Pattern (mirror existing OpenAI/Vertex image-gen tests):
{
category: "Image Generation",
name: "<Provider> dall-e-equivalent generates PNG",
fn: async () => {
if (!process.env.<NAME>_API_KEY) return true;
const nl = new NeuroLink();
const result = await nl.generate({
provider: "<provider-name>",
model: "<provider>-image-model-id",
input: { text: "A peaceful mountain landscape" },
});
assert(result.imageOutput?.imageBuffer, "no image output");
// Validate PNG magic bytes
const head = result.imageOutput.imageBuffer.subarray(0, 4);
assert(head[0] === 0x89 && head[1] === 0x50, "not a valid PNG");
return true;
},
},
Also add a test for image-to-image (reference images):
{
name: "<Provider> image-to-image with reference",
fn: async () => {
if (!process.env.<NAME>_API_KEY) return true;
const ref = await fs.readFile("test/fixtures/style-reference.jpg");
const nl = new NeuroLink();
const result = await nl.generate({
provider: "<provider-name>",
model: "<provider>-image-model-id",
input: { text: "A portrait in this art style", images: [ref] },
});
assert(result.imageOutput?.imageBuffer);
return true;
},
},
§B — Image-only provider (no chat)
Same as §A but the provider class:
- Returns
falsefromsupportsTools()(image gen doesn't tool-call). - Either omits
executeStream(if you also want it to refuse text gen) or surfaces a friendly error. - Has its
executeImageGenerationas the primary entry point.
The BaseProvider.runGenerateInActiveContext flow already handles this: when the model matches IMAGE_GENERATION_MODELS, it short-circuits to executeImageGeneration and the executeStream path is skipped.
If your provider's only API is image-gen (no /v1/chat/completions equivalent at all), implement a stub executeStream that throws:
protected async executeStream(): Promise<StreamResult> {
throw new NeuroLinkError({
code: "STABILITY_NO_TEXT_GEN",
message: "Stability AI provider supports image generation only. Use a model name matching IMAGE_GENERATION_MODELS.",
category: ErrorCategory.VALIDATION,
severity: ErrorSeverity.MEDIUM,
retriable: false,
});
}
This is suboptimal because the dispatch happens before this error fires (the provider tries to construct the AI SDK model first). For the cleanest experience, skip getAISDKModel overrides and write a fully custom BaseProvider subclass — see src/lib/providers/sagemaker/ for the multi-file pattern (SageMaker has similar shape: not all SageMaker endpoints support all completion variants).
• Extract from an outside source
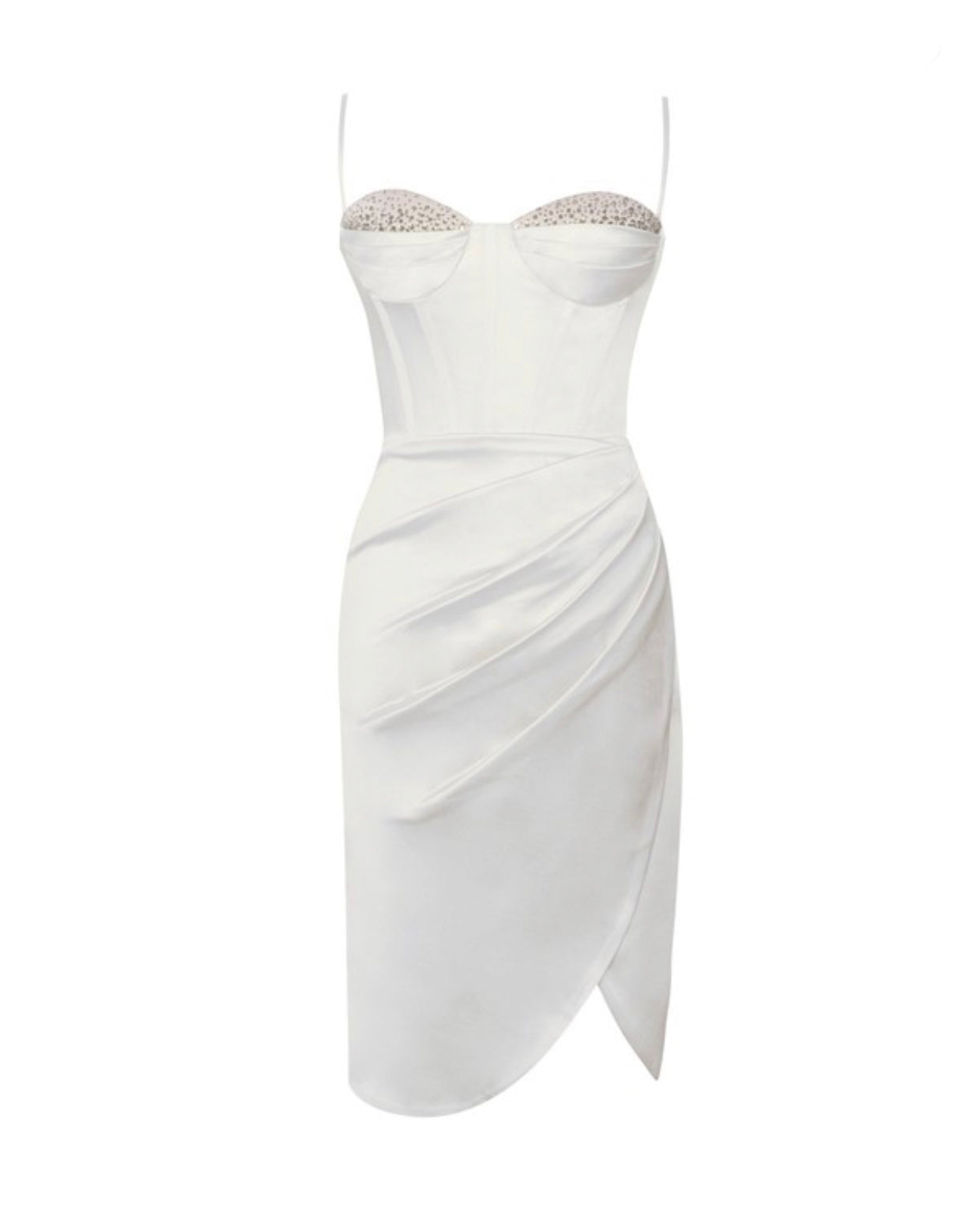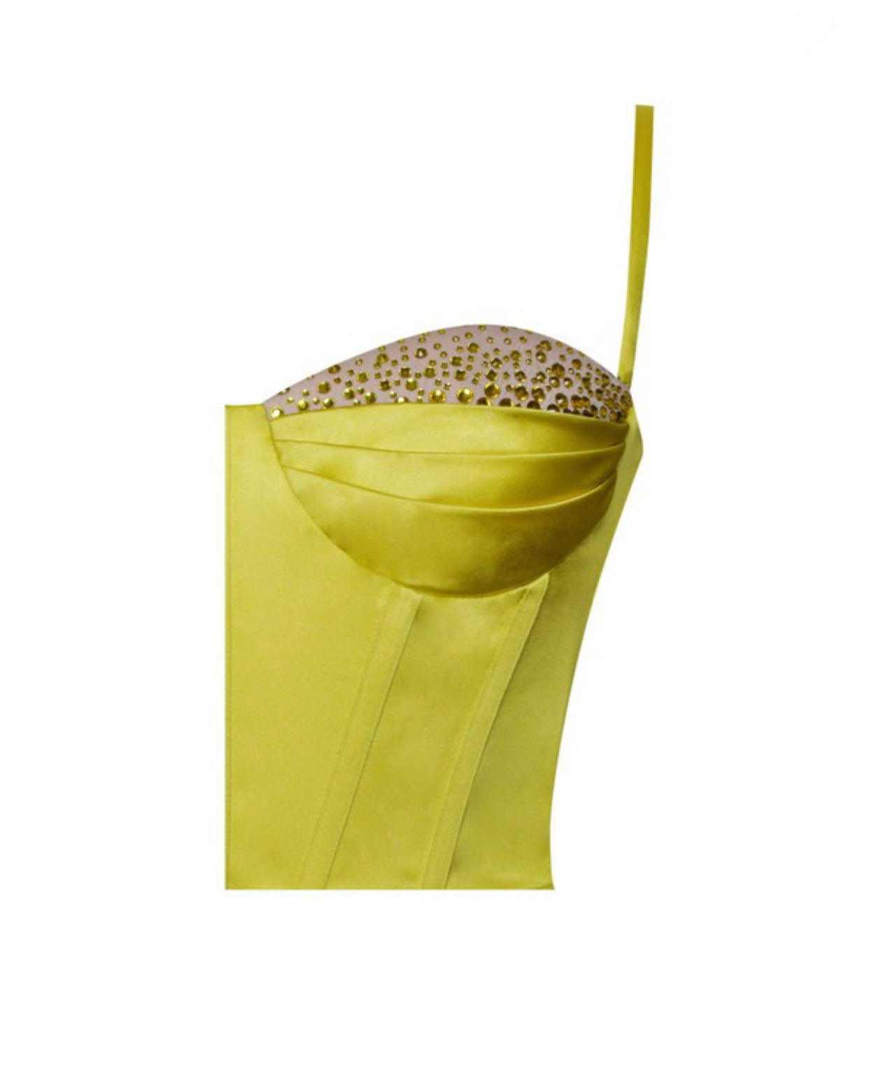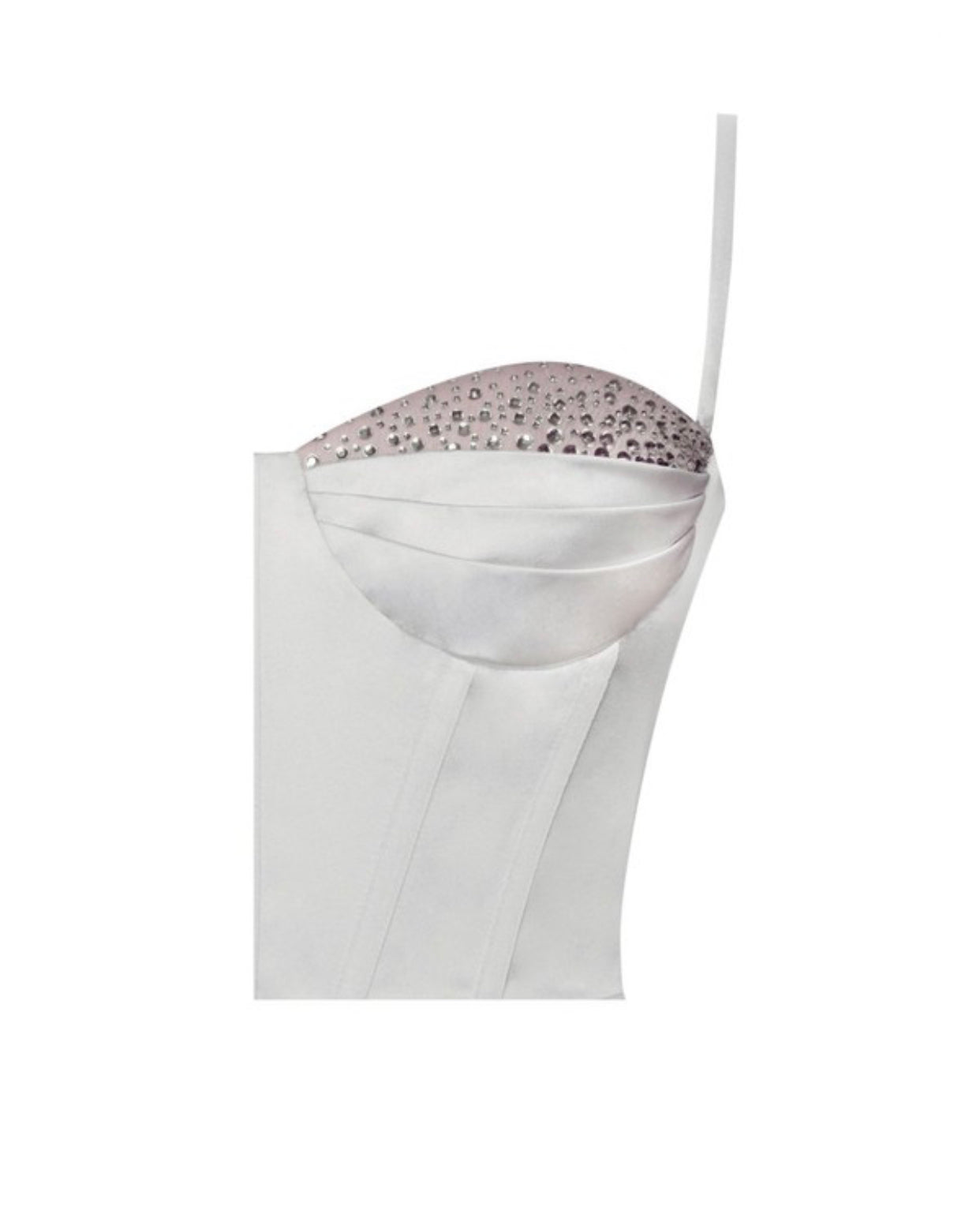 Sophisticated, dazzling, and unique. Satin dress that features a corset bustier with hand-placed crystals along the bust that creates a form-fitting silhouette. With adjustable straps.

§C — Adding a new image-gen model to an existing provider
This is the smallest possible change. Three files:
C1. Add the model to IMAGE_GENERATION_MODELS
export const IMAGE_GENERATION_MODELS = [
"dall-e",
"imagen",
+ "imagen-4",
"stable-diffusion",
];
C2. Add a constant in the provider's models file
src/lib/models/<provider>.ts:
export const ImagenModels = {
IMAGEN_3_GENERATE: "imagen-3.0-generate-001",
+ IMAGEN_4_GENERATE: "imagen-4.0-generate-001",
} as const;
C3. (If needed) Update executeImageGeneration for new model-specific params
E.g., if Imagen 4 takes a different aspectRatio enum or supports a new style preset, branch on modelName inside the existing override.
C4. Tests + docs
Update existing tests that loop over Vertex image models; add a model row to docs/getting-started/providers/google-vertex.md.
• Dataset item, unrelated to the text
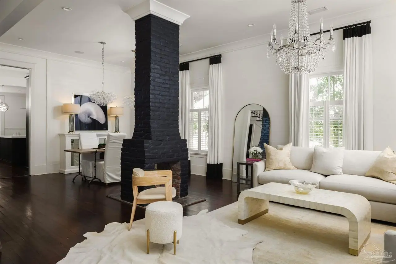 This beautifully restored Victorian home blends timeless architecture with modern luxury in one of downtown Pensacola's most desirable neighborhoods. This residence offers a rare opportunity to own a piece of Pensacola's history while enjoying modern comfort and design. Every detail has been thoughtfully updated, preserving the home's character while adding designer finishes throughout. Ideally located just steps from downtown Pensacola's festivals, restaurants, and boutique shops, it offers the perfect blend of history, sophistication, and walkable coastal living on a quiet residential street with private parking. Rich hardwood floors, tall ceilings, and designer lighting highlight its craftsmanship. A remodeled kitchen offers ample counter space and a main focal point of the home. The family room centers around a beautiful fireplace, creating a warm focal point that complements the home's charm. The space features Sub-Zero refrigerator drawers, a wine cooler, and beautifully updated fixtures. A hidden bookcase off the office leads to the first-floor primary suite, adding a distinctive architectural touch with historic intrigue. The primary suite includes dual walk-in closets and a luxurious bath with a soaking tub, double vanities, and an oversized walk-in shower. Upstairs are three spacious bedrooms with custom walk-in closets, a large storage closet, and a secondary living area with a wet bar that opens to a balcony overlooking the backyard and bay. A private guest home in the backyard offers its own bath and flexible living space for guests or a studio. The courtyard-style yard connects both homes, creating a serene outdoor retreat framed by lush landscaping and privacy fencing.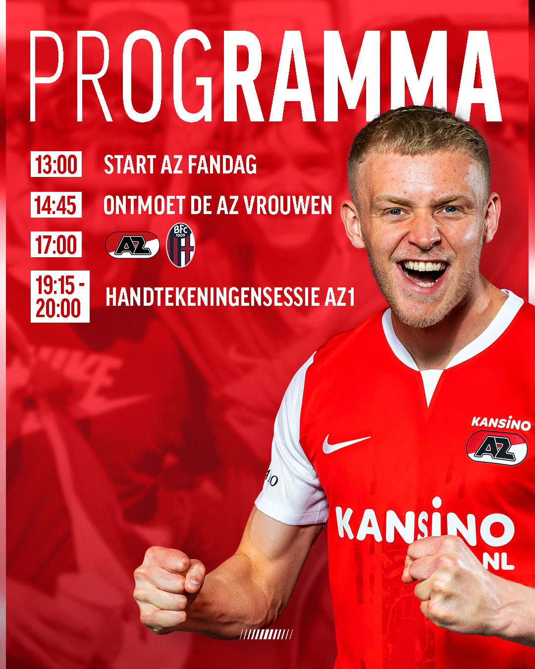 Hieronder vind je een overzicht van het programma tijdens de AZ Fandag. AZ kan helaas niet garanderen dat iedere fan een handtekening kan scoren van álle spelers en speelsters. Om alle fans een eerlijke kans te geven op een handtekening, willen we iedereen vragen maximaal één item te laten signeren. AZ deelt gratis handtekeningenkaarten uit, waarop jij gemakkelijk handtekeningen kan laten zetten. Binnenkort delen wij meer informatie over alle activiteiten die jij kan doen tijdens de AZ Fandag!

§D — Image-gen via Replicate
Replicate hosts FLUX.1, Stable Diffusion variants, and many others. Don't implement them as separate providers — implement the Replicate provider once and expose them as model configs.
See 22-adding-multimodal-provider.md. The Replicate provider's executeImageGeneration parses model: "owner/name:version" and does the standard prediction-lifecycle dance.
Documentation
docs/features/image-generation-streaming.md — UPDATE
Add a section listing the new provider's supported models and aspect ratios.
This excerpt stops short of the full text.